Na gruta da Ribeira, os ossos e dentes de animais (cavalo, boi, etc.) abundavam, aparecendo, além disso, mais duas pontas de seta de quartzo hialino, algumas lascas desta substância e de sílex, mostrando tudo a sua habitabilidade pelo homem.
Além das quatro grutas referidas, há vestígios de outras no prolongamento da faixa de mármores para S. Pedro da Silva.
No monte do Pedriço, a uma légua de Caçarelhos, nas fendas do mármore, acharam-se dois machados polidos de anfibolite e ossadas de dois esqueletos humanos, incompletos. Soltos, à superfície do solo, encontraram-se «duas mós imperfeitas de granito partidas de cincoenta centimetros ou mais de diametro, excavadas só n’uma das faces, como se tivessem servido para se triturarem sobre ellas substancias duras com a acção de uma moleta ou pilão.

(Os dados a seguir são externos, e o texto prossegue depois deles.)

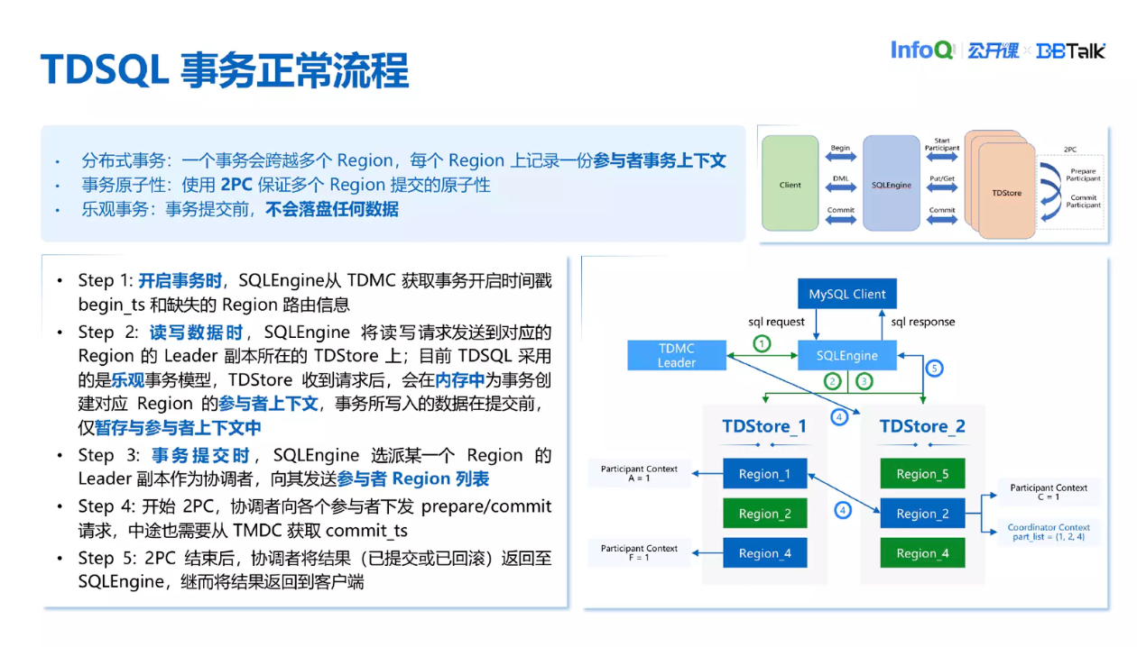 同时 TDSQL 也保证了数据正确性,数据完整性保证是在参与者上下文当中记录分裂出来的 New Region ID,把 New Region ID 上报给协调者,这样协调者可以感知到 New Region 的存在,把 New Region 一起提交上去。

Os restos humanos obtidos nestas primeiras pesquizas pertencem a um pequeno numero de individuos, e acham-se em geral muito deteriorados para se prestarem a um estudo anthropologico rigoroso. Entretanto, a simples inspecção do craneo melhor conservado, e a de outro craneo mais incompleto comprehendendo só o frontal, os parietaes e o occipital, permittem reconhecer-se um typo dolicocephalo, análogo ao que predomina nos craneos das estações neolithicas da Extremadura. Á analogia dos typos cephalicos ha que acrescentar outros caracteres communs observaveis nos ossos longos, como são a saliencia da linha áspera dos femures e a platycnemia das tíbias.
Estes indicios levam-nos a crêr que na epocha prehistorica a que alludo, uma mesma raça, ou, melhor antes, uma população, apresentando bastantes caracteres anthropologicos communs, se extendia desde a região central até o extremo septentrional do nosso país».